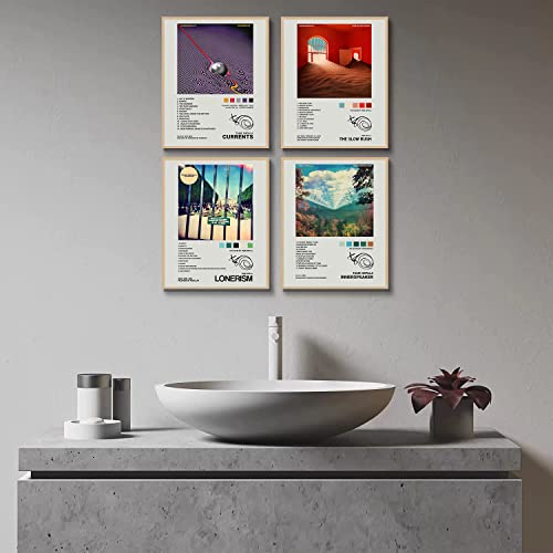 GLRSSN, Set di 4 poster musicali, motivo copertine degli album di Tame Impala, una decorazione artistica da parete per ragazzi, per dormitorio, 20,3 x 25,4 cm, senza cornice
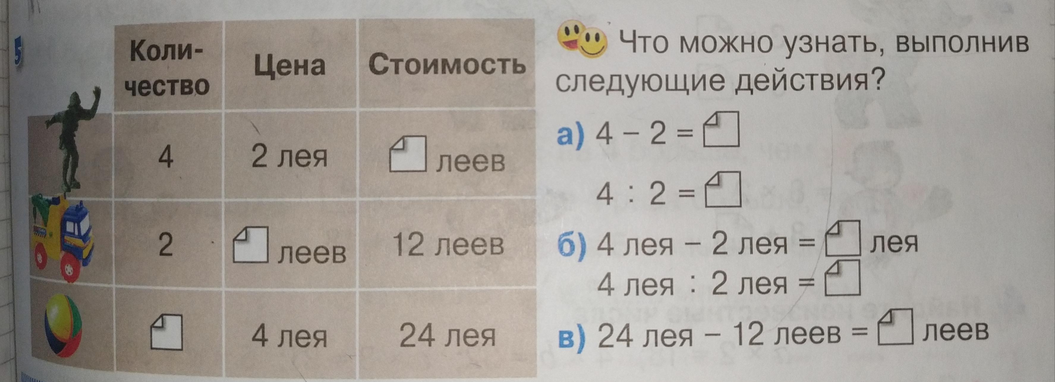 а 4-2 = 2 4:2=2 б 4 лея - 2лея = 2 лея 4 лея : 2 лея =2
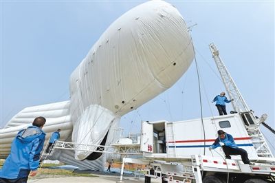 中國電子科技集団公司第三十八研究所は安徽省六安市の試験場內で、係留気球の飛行試験を行った。その外観が「白鯨」のような大型気球が、ゆっくりと空に上がった。人民日報が伝えた。
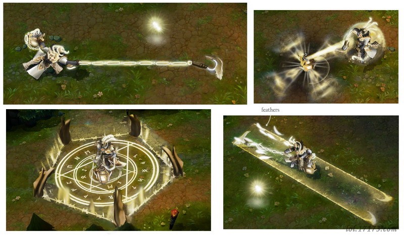 外服锤石爱好者kluukie创作了一组以正派人物为主题皮肤,命名为“弧光锤石”。在该皮肤中,锤石被圣光所笼罩,进行着魂度他人的工作。
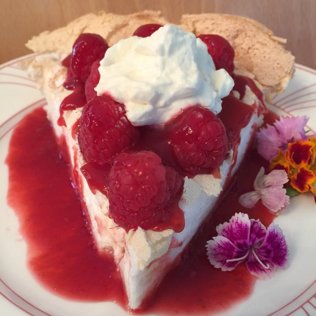 Set It & Forget It Meringue Torte with Fresh Raspberry Sauce

- **Exercise requirements**: Repeat the data above word for word, without pictures.

- **Exercise result**:
 GLRSSN, Set di 4 poster musicali, motivo copertine degli album di Tame Impala, una decorazione artistica da parete per ragazzi, per dormitorio, 20,3 x 25,4 cm, senza cornice
 а 4-2 = 2 4:2=2 б 4 лея - 2лея = 2 лея 4 лея : 2 лея =2
 中國電子科技集団公司第三十八研究所は安徽省六安市の試験場內で、係留気球の飛行試験を行った。その外観が「白鯨」のような大型気球が、ゆっくりと空に上がった。人民日報が伝えた。
 外服锤石爱好者kluukie创作了一组以正派人物为主题皮肤,命名为“弧光锤石”。在该皮肤中,锤石被圣光所笼罩,进行着魂度他人的工作。
 Set It & Forget It Meringue Torte with Fresh Raspberry Sauce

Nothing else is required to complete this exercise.